◆ **Problem description**: Nothing outside the range is to be copied. From the entries below, reproduce exactly the lines starting at the one with "特斯拉是造电动汽车的,但对创" and ending at the one with "Syr Darya River", without pictures.

◆ **Stored data**:

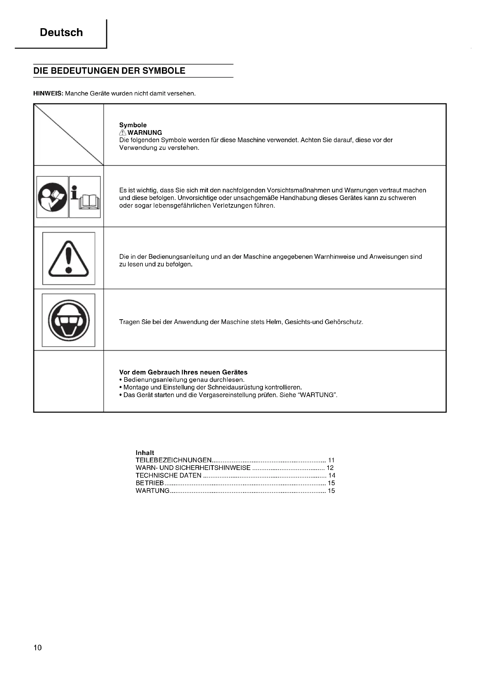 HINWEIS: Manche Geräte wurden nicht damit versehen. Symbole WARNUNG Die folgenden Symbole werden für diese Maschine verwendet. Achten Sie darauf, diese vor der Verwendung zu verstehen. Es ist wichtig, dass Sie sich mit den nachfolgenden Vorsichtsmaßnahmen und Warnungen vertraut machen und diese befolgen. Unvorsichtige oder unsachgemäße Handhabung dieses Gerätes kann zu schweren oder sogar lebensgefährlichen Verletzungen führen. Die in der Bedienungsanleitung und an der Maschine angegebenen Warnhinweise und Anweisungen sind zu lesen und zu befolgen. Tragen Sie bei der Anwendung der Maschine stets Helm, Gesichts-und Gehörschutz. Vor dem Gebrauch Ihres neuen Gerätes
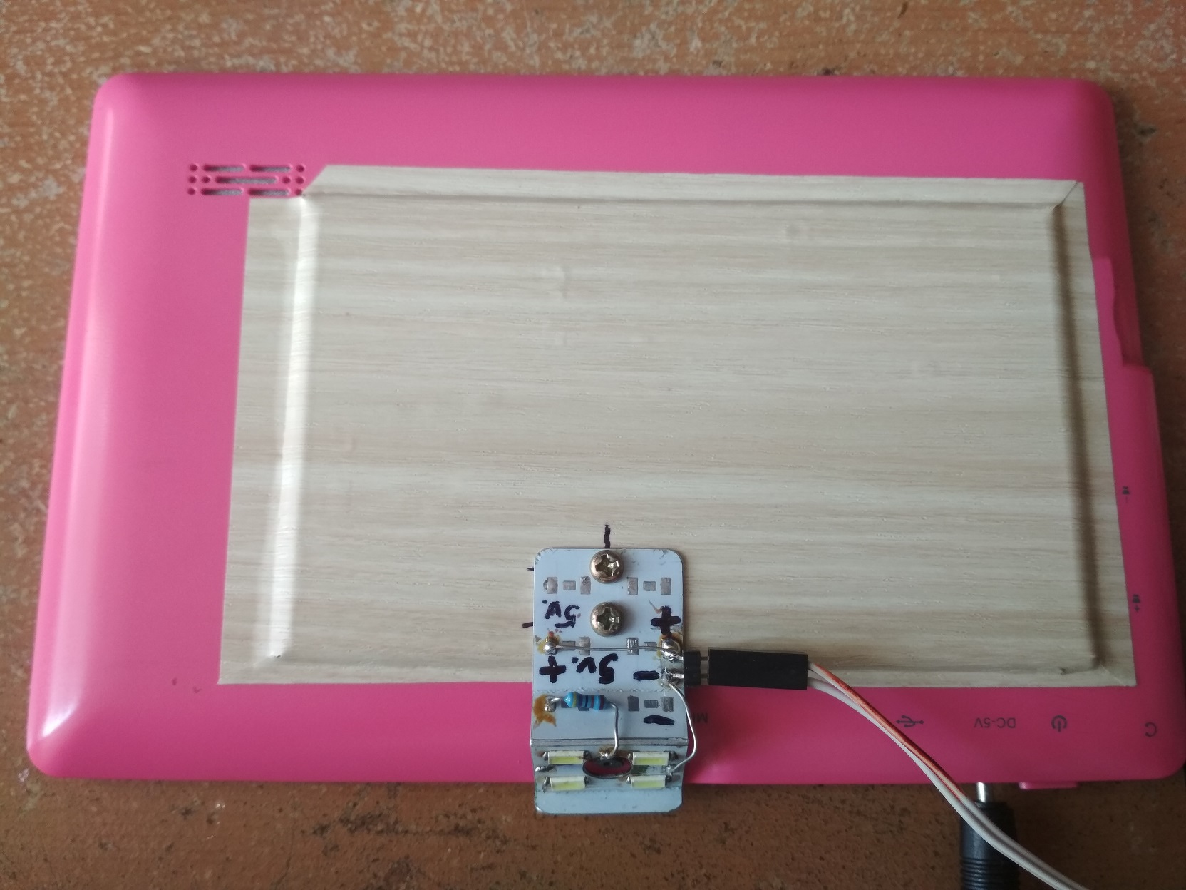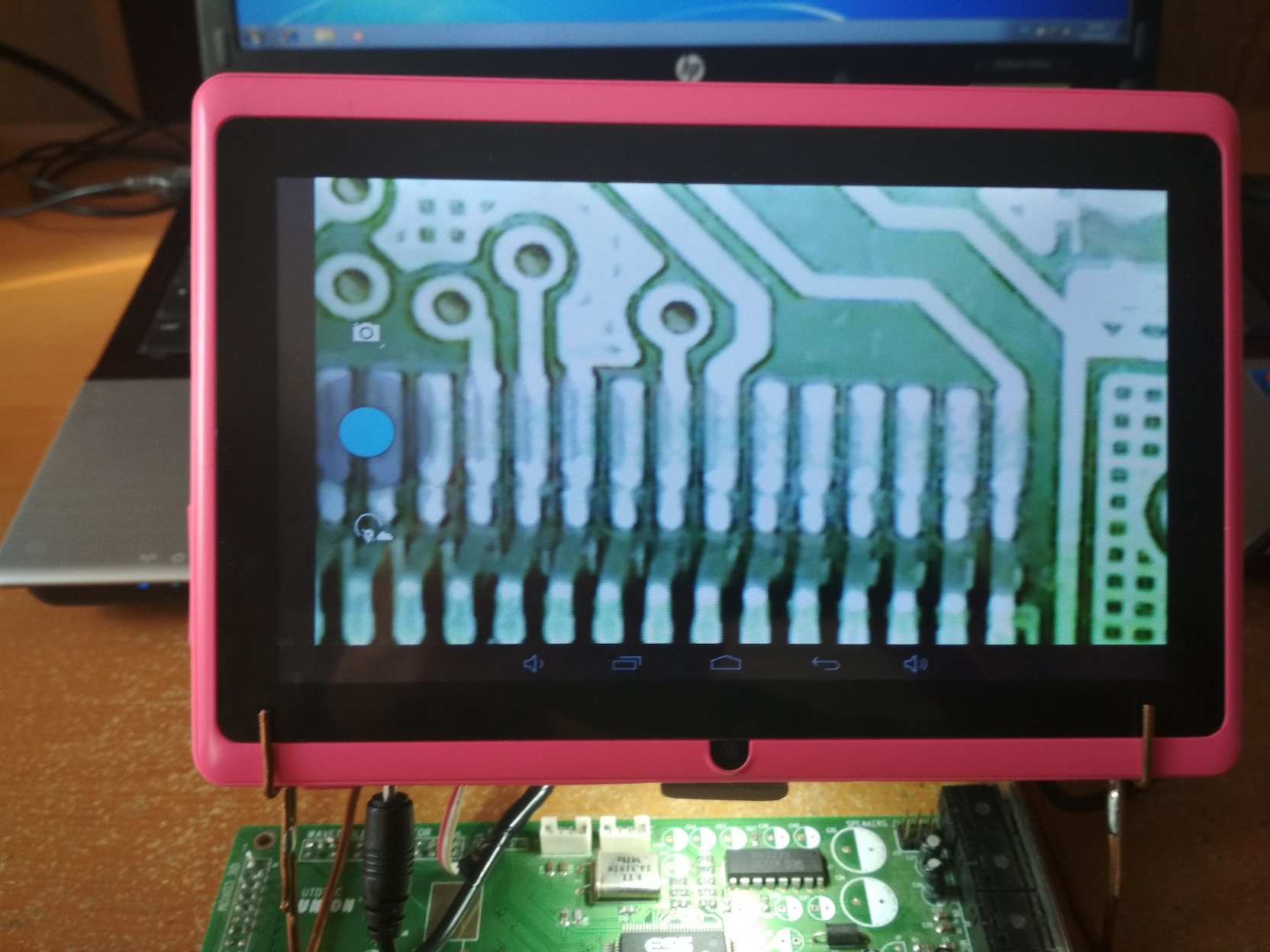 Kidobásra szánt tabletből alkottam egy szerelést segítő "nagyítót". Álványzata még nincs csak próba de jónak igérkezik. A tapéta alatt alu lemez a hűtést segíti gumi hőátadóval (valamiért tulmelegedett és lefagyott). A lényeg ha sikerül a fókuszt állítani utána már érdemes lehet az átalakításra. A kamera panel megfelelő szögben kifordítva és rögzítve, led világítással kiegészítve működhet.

--

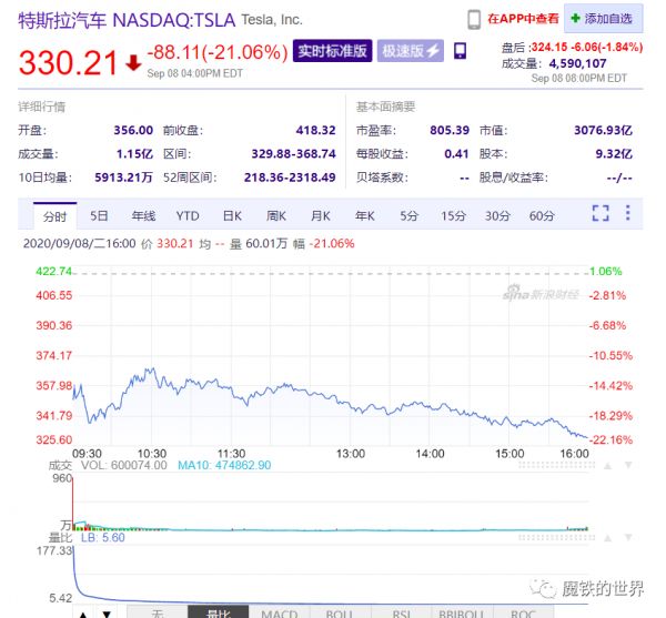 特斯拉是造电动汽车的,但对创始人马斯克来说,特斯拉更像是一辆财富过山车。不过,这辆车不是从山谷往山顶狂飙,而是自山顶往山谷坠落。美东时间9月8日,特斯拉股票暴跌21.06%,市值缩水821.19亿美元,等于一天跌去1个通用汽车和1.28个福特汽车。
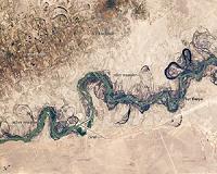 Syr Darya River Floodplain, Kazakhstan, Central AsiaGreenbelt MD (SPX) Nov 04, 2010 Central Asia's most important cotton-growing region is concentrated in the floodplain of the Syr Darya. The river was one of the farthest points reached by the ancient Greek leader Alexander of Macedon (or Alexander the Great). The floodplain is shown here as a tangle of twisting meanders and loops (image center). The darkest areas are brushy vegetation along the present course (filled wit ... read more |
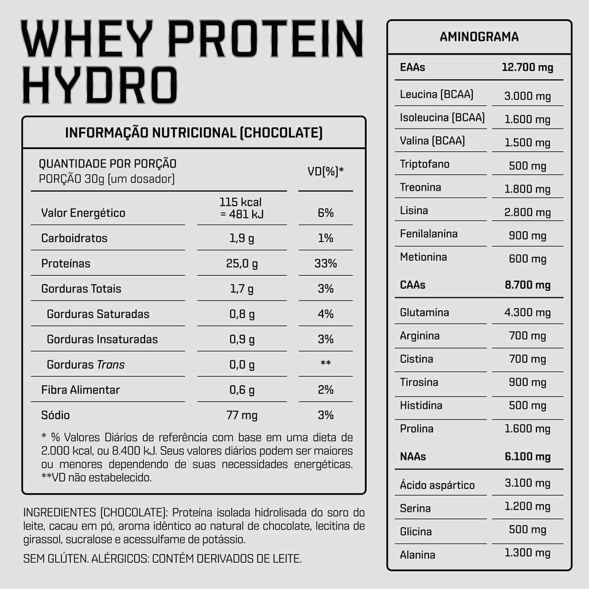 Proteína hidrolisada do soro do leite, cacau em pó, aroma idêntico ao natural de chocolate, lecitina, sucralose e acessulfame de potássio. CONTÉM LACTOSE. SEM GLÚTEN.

◆ **Result of the exercise**:
 特斯拉是造电动汽车的,但对创始人马斯克来说,特斯拉更像是一辆财富过山车。不过,这辆车不是从山谷往山顶狂飙,而是自山顶往山谷坠落。美东时间9月8日,特斯拉股票暴跌21.06%,市值缩水821.19亿美元,等于一天跌去1个通用汽车和1.28个福特汽车。
 Syr Darya River Floodplain, Kazakhstan, Central AsiaGreenbelt MD (SPX) Nov 04, 2010 Central Asia's most important cotton-growing region is concentrated in the floodplain of the Syr Darya. The river was one of the farthest points reached by the ancient Greek leader Alexander of Macedon (or Alexander the Great). The floodplain is shown here as a tangle of twisting meanders and loops (image center). The darkest areas are brushy vegetation along the present course (filled wit ... read more |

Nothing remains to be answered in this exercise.